(THE DATA begins)

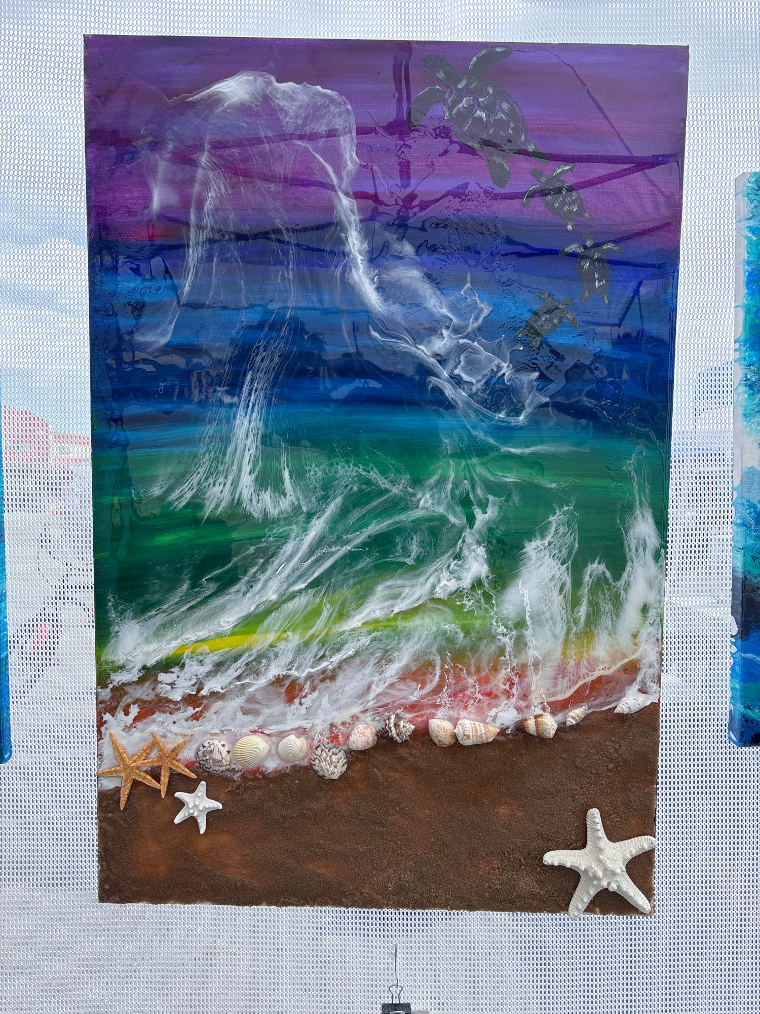 A family of four hand-painted turtles, detailed with intricate reflections, gracefully swim through the ocean’s waves, adding life and depth to the piece. The bottom of the painting features real sand and seashells, creating a tangible connection to the shore and separating the sand from the dynamic sky and ocean line above.
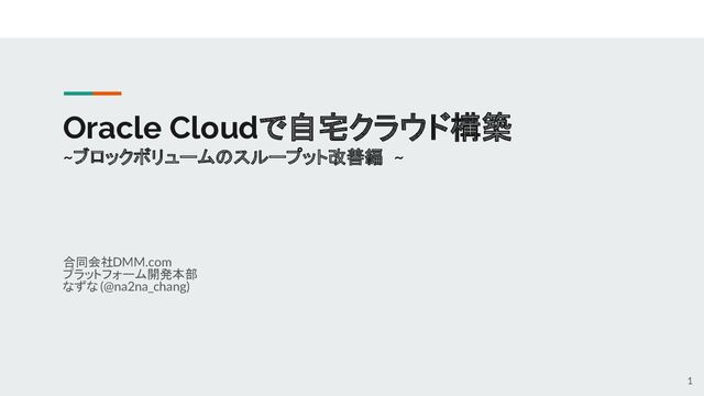 Oracle Cloudで自宅クラウド構築 ~ブロックボリュームのスループット改善編 ~ 合同会社DMM.com プラットフォーム開発本部 なずな (@na2na_chang) 1
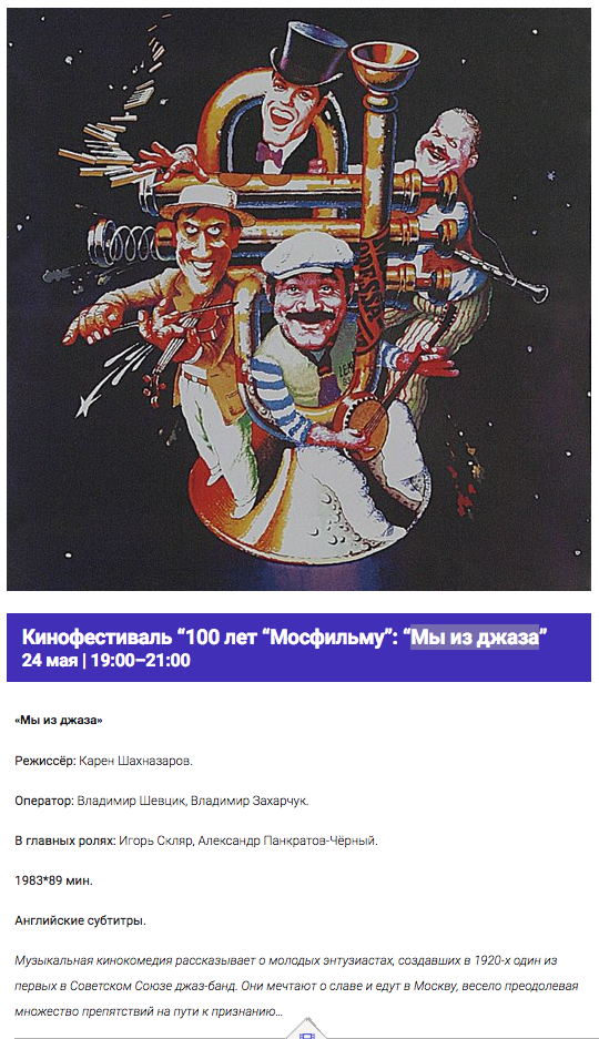 Сайт/Site : https://rushouse.be/event/film-festival-100-years-of-mosfilm-jazzman/
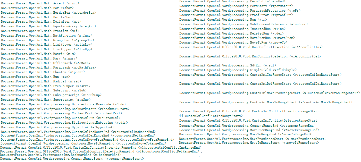 Openxml中Body类是文档根元素类Document的重要属性类,包含文档所有正文内容(段落、表格、图片等),该类型支持添加下图所示的几十种子类型。本文学习其中的Paragraph类的主要属性。
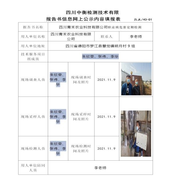 四川青禾農(nóng)業(yè)科技有限公司定期檢測(cè)

(THE DATA ends)

| PROBLEM REQUIREMENTS |
When you set down the records above, copy every line exactly and exclude the pictures.

| TASK RESULT |
 A family of four hand-painted turtles, detailed with intricate reflections, gracefully swim through the ocean’s waves, adding life and depth to the piece. The bottom of the painting features real sand and seashells, creating a tangible connection to the shore and separating the sand from the dynamic sky and ocean line above.
 Oracle Cloudで自宅クラウド構築 ~ブロックボリュームのスループット改善編 ~ 合同会社DMM.com プラットフォーム開発本部 なずな (@na2na_chang) 1
 Сайт/Site : https://rushouse.be/event/film-festival-100-years-of-mosfilm-jazzman/
 Openxml中Body类是文档根元素类Document的重要属性类,包含文档所有正文内容(段落、表格、图片等),该类型支持添加下图所示的几十种子类型。本文学习其中的Paragraph类的主要属性。
 四川青禾農(nóng)業(yè)科技有限公司定期檢測(cè)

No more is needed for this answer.